Hollow waveguides (both fiber-based and chip-based) have been the subject of extensive research in the past couple decades, owing to their ability to guide light within a gas- or liquid-core medium. This ability makes hollow waveguides important enablers for nonlinear optics, sensing, and atomic spectroscopy, as well as many other applications. While air-core photonic crystal fibers are commercially well established, techniques for creating air-core waveguide networks on chips are less developed. Traditionally, on-chip hollow waveguides are fabricated using either wafer-bonding or sacrificial etching techniques, typically limiting the size and complexity of the air-core networks that can be easily created.
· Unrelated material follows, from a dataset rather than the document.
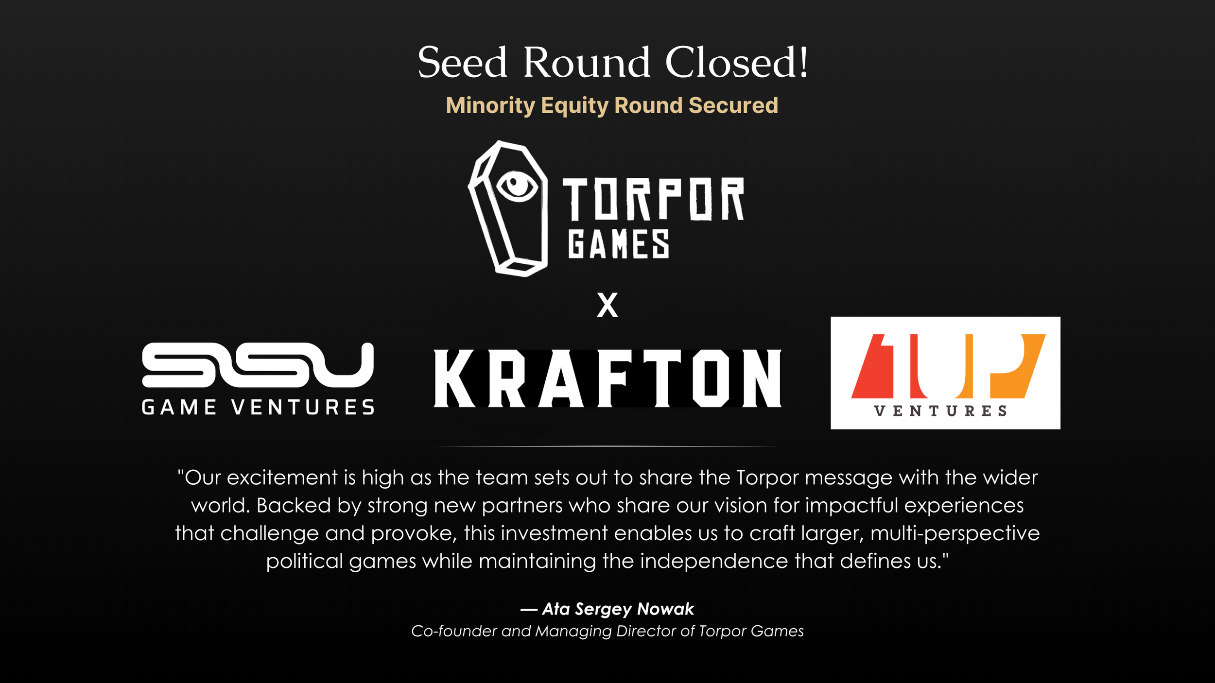 Berlin, November 20th, 2025 — Independent studio Torpor Games today announced the closing of a minority seed investment round with participation from KRAFTON, 1Up Ventures, and Sisu Game Ventures, with legal guidance from Igor Rudolph of Brehm v. Moers and Norton Rose.

We have developed an approach for creating complex air-core waveguide networks on chips, by exploiting thin-film delamination buckling. By engineering the stress of thin-film multilayer mirrors, and by introducing patterned regions of low adhesion within the multilayers, we are able to produce a variety of air-core Bragg waveguide structures in parallel. These structures include hollow waveguides with axial variations in core size, enabling dispersive (tapered) structures and novel types of waveguide-based reflectors and microcavities.
Various material systems have been used, but most of our current work employs Si/SiO2-based mirrors for operation in the near infrared or Ta2O5/SiO2-based mirrors for operation in the near-visible range.